I was intrigued when I first read about Sally Lunn bread. I was repetitively encountering it in my RSS feed. I had even bookmarked the recipes from Smitten Kitchen and Kitchn. And that was 2 years ago. I did find many other breads to bake and eat in these 2 years but I didnt have a chance to make the Sally Lunn one yet.

So I set about yesterday thinking that I would bake this one, so that the Husband and the Daughter can enjoy a little snack while am away for the class. So I mixed up the batter, beat it hard for 6 min with different additions and I decided to use fresh yeast and left out the egg yolk. Then I read the entire recipe to see how long it should rest, and it needed an hour now and 30 min later for second proofing. I didnt have so much time, so I asked the Husband to do it, but he had dinner to prepare, so he didnt bother about my little batter proofing in the oven. By the time I returned from the class, the batter was proofing in the oven for over 4 hours now. It had risen and then collapsed, stank of yeast and the dough tasted very bitter. I guess the warm oven, presence of sugar in the batter, the over-zealousness of fresh yeast and the long first proof caused it. I had for a moment even considered tossing it. I looked up all over the internet on how to save overproofed dough, but hardly a mention. In some board, someone said the dough corrects itself in the second proof. I had decided that this was going to be a disaster but went ahead wanting to see it through.

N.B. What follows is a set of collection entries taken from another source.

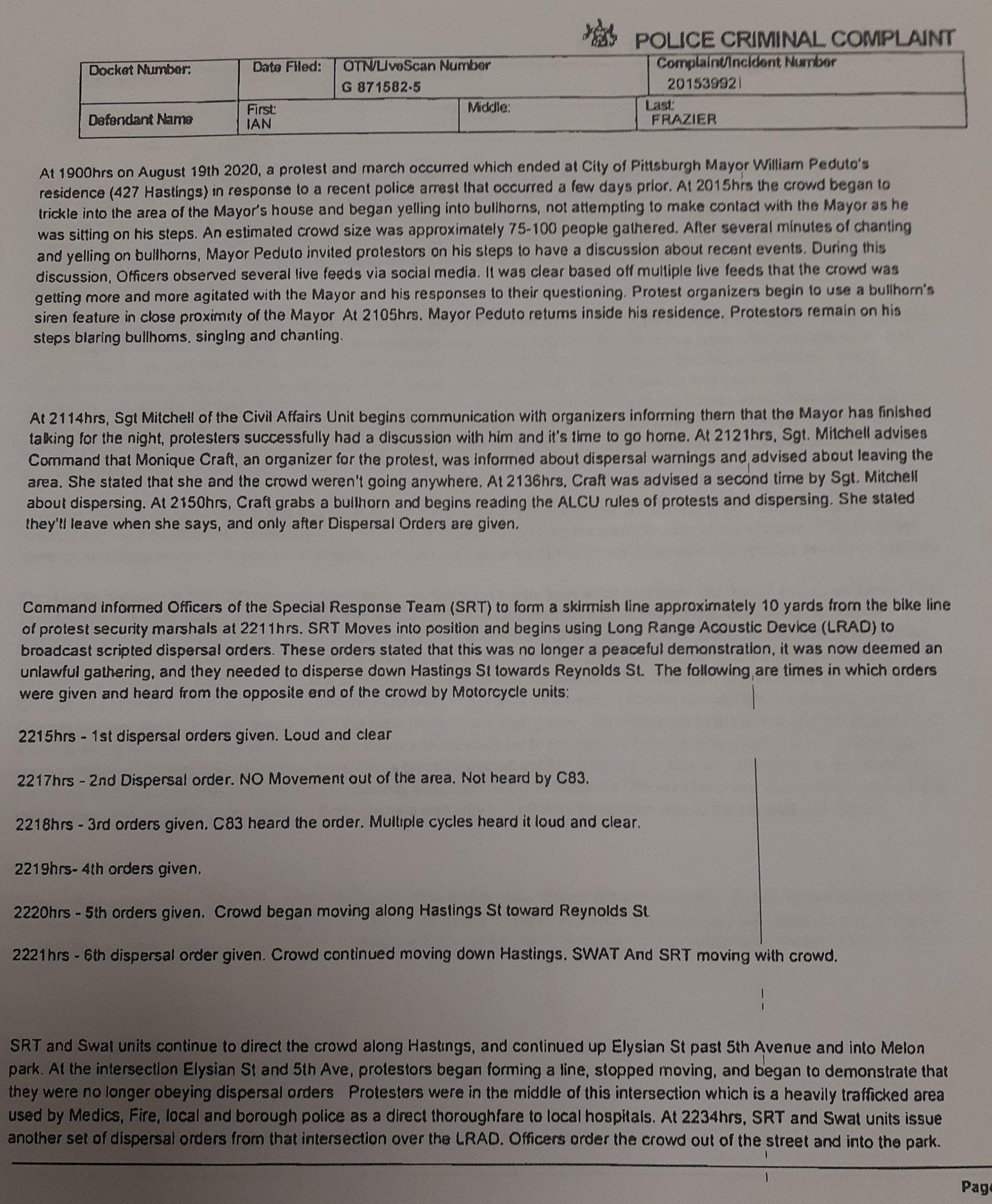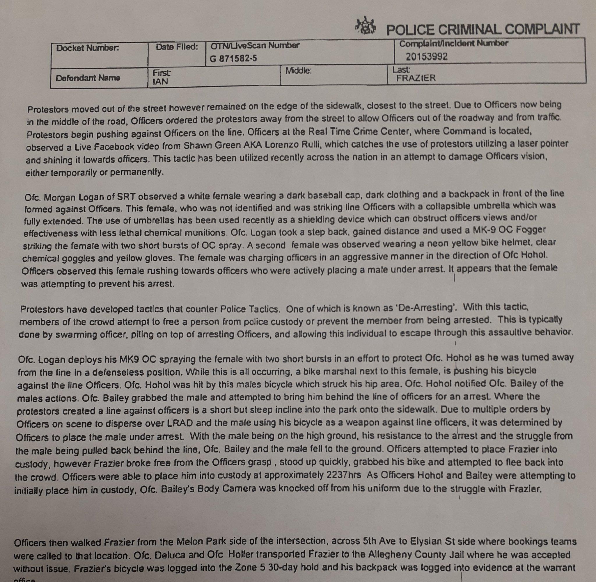 Arrested during last night's protest in Pittsburgh. They were removed from in front of the Mayor's home for causing a disturbance twice in the past two days. Protesters are upset because a fellow protester - Michael Cartier was arrested after he refused to stop blocking a major intersection used by EMS and hospital staff. Charged with Resisting arrest, Failure to Disperse, Aggravated Assault, Riot, Disorderly Conduct.
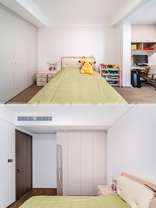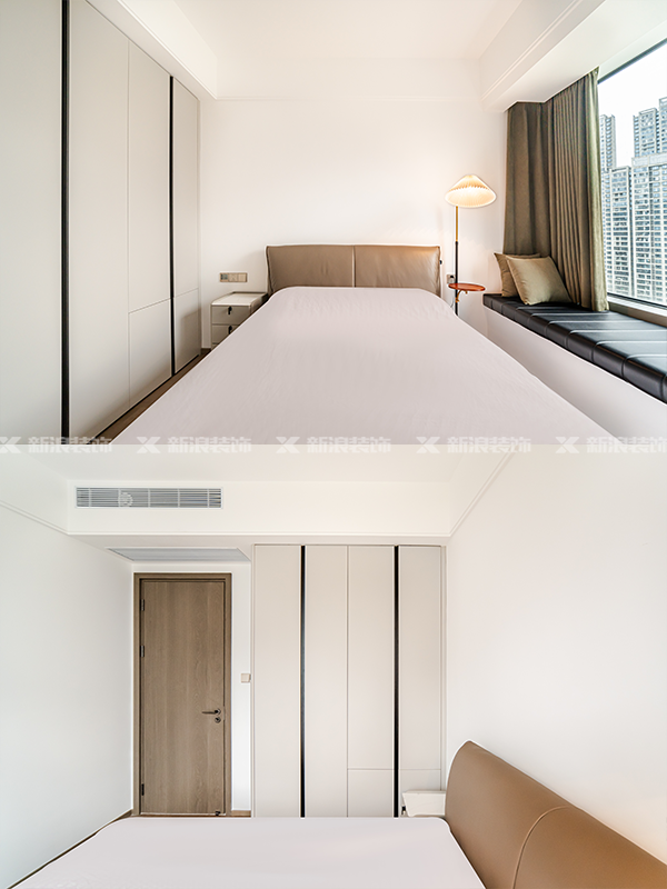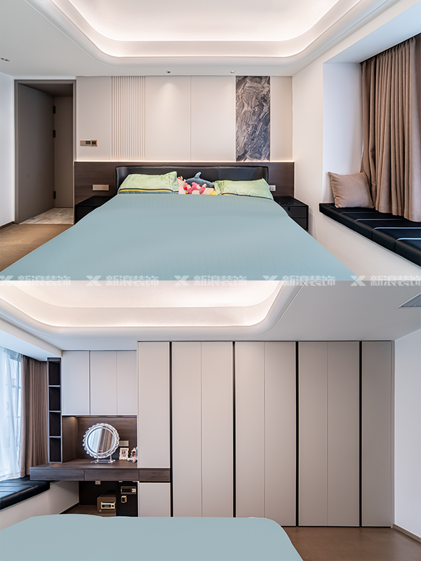 主臥做套間設計,衣帽間+床尾衣柜梳妝臺一體設計,收納空間非常充足。
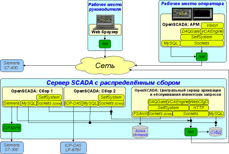 Для доступа клиентов к серверу используются доступные у OpenSCADA сетевые транспорты, на примере — Sockets; и транспортные протоколы, на примере — протокол OpenSCADA "SelfSystem".
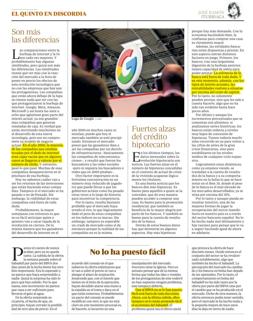 José Ramón Iturriaga, socio y gestor de fondos en Abante, escribe en El quinto en discordia en ABC: «Son más las diferencias», «Fuertes alzas del crédito hipotecario» y «No lo ha puesto fácil».
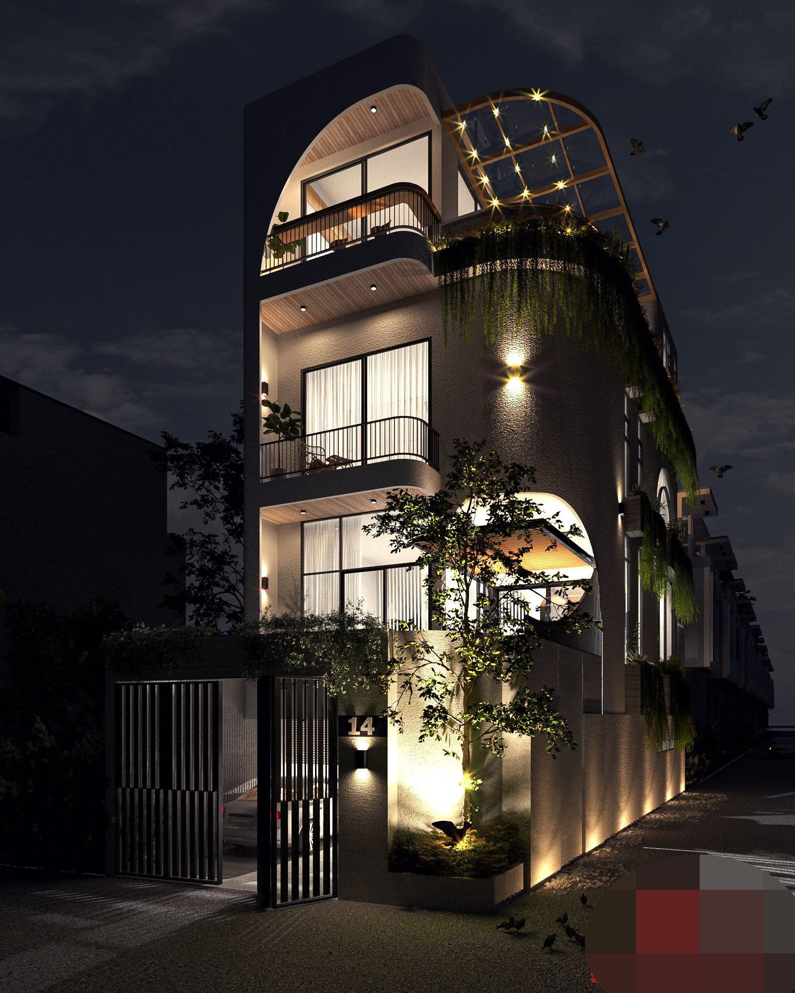 Kiến trúc độc đáo của công trình. Tầng 1 là gara ô tô, sân cổng.
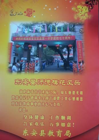 近日,东安县教育局印制的一副题为《东安县师德模范风采》的2013年度挂历,引起了省教育厅党组书记、厅长王柯敏的高度重视。他专门做出批示,指出东安县教育局的做法很好,应予宣传报道。
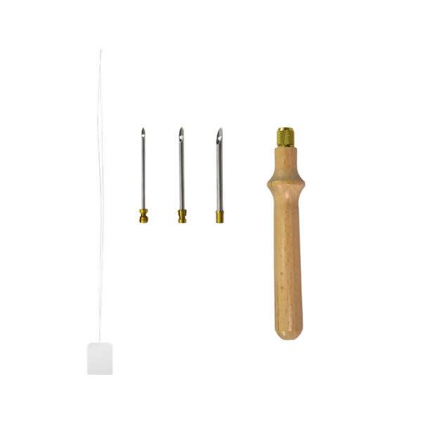 Composto por 3 agulhas de tamanhos variados, base resistente e passador de 20 cm, ele permite explorar diferentes técnicas com facilidade e precisão.
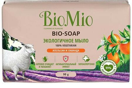 Экологичное туалетное мыло BIO-SOAP с эфирными маслами лаванды, мяты перечной и апельсина - 100 вегетарианское – в его составе не содержатся компоненты животного происхождения. Мыло BioMio гипоаллергенно, благодаря чему отлично подходит для людей с чувствительной кожей. Специальная формула с оливковым маслом и витамином Е обеспечивает бережный уход за кожей, ионы серебра обладают антибактериальным действием, а композиция из эфирных масел лаванды, мяты перечной и апельсина расслабляет и восстанавливает.

Second proof was pouring the batter into a pan and letting it rest right there. So it went into the pan, and waited there for less than 15 min, there was barely rounding out of edges and I slid it into the oven at 190°C. The batter was half full in the 25cm loaf pan and I thought it would be three quarters full. But beating all my expectations (I wouldn't have been writing this blog otherwise) it crested the pan and baked wonderfully. The bread is softer than the normal loaves that am used to baking. Pillow soft. I let it rest and then I sliced into it expecting a bitter taste, but it was so very slightly bitter and by morning even that disappeared. Wonderfully holey, a very soft texture and tastes almost like a cake without all the guilt of a cake. Would stand up better in place of a brioche in french toasts, I think. I would experiment the rest of the loaf for toasts saturday morning.

I am impressed with batter breads and am going to try more.